I figured something would come up, but my friend “Sick Dog” (second from left in the yearbook photo of my crypto-Baja-ized ’58 Beetle, above) couldn’t stand riding in my car and being forced to listen to “Kill The Poor” through a warbly-ass 8-track adapter and decided to take decisive action. This decisive action consisted of Sick Dog ripping off the cassette deck from a Capri II owned by a young woman who lived next door; he believed that she had once called the cops on him for doing bleach burnouts in his (six-cylinder) ’68 Mustang and thus deserved to get her Capri de-stereo-ized. Dressed all in black, including ski mask— he was on a mission, you see— he coat-hangered his way into the car and spent hours silently dismantling the dash and removing the Realistic cassette deck. Next day at school, filled with pride, he handed me a paper bag containing the stereo. “Let’s install it tonight!” I was horrified, but what could I do? Rat off my best friend to The Man? I told him he was an asshole. “What’s done is done,” he replied, “Now you’ve got tunes, dude!”

So, we rigged up the cassette deck in place of the AM radio in the Corona, using some junkyard speakers sitting in holes crudely hacked into the rear package shelf with a jigsaw. Powering it up, we discovered that it had a cassette inside. Not just any cassette, in fact— this was one of the greatest albums ever recorded: X’s 1980 masterpiece, Los Angeles. I’d heard of X— they were starting to get medium-big in Northern California with Under The Big Black Sun around that time— but I had never listened to Los Angeles all the way through. It immediately became my favorite tape and went on many road trips over the next 20 years (it was finally eaten by a tape-hungry boombox in my ’76 Nova)… but I always felt a twinge of guilt, thinking about the poor Capri-driving woman losing both her stereo and (what I’ve always assumed was) her favorite cassette. Actually, more than a twinge of guilt; there have been times that I’ve felt like the protagonist of an Edgar Allen Poe story, being stalked by a ghost who hums “Johnny Hit And Run Pauline” while dragging chains over an endless expanse of busted tape decks.

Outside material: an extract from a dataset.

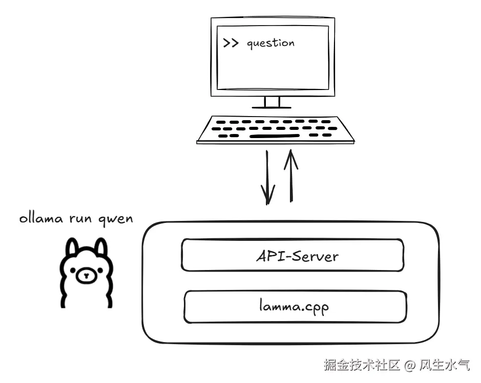 ollama本身是CS架构,用户通过ollama client和启动的server通信,server端主要由两部分构成,api server和lamma.cpp构成。其中api server提供对外的api服务,lamma.cpp负责实际的模型推导。

I’ve often wondered if Sick Dog, who grew up into a reasonably law-abiding guy, feels bad about his youthful stereo theft, or if he even remembers it. For my part, I can tell you that there is such a thing as Hot Cassette Deck Karma; I’ve had plenty of cassette players ripped off from my vehicles over the years. Sure, living in urban-entrepreneur-heavy San Francisco and Oakland had something to do with it, but the real reason was the straight-outta-Poe ghost leading miscreants to my parked car. It’s been at least 10 years since I’ve had a car stereo theft, so the Tape Deck Ghost appears to believe that my half-dozen disappeared cassette players was a sufficient price to pay for the tainted deck in my Corona.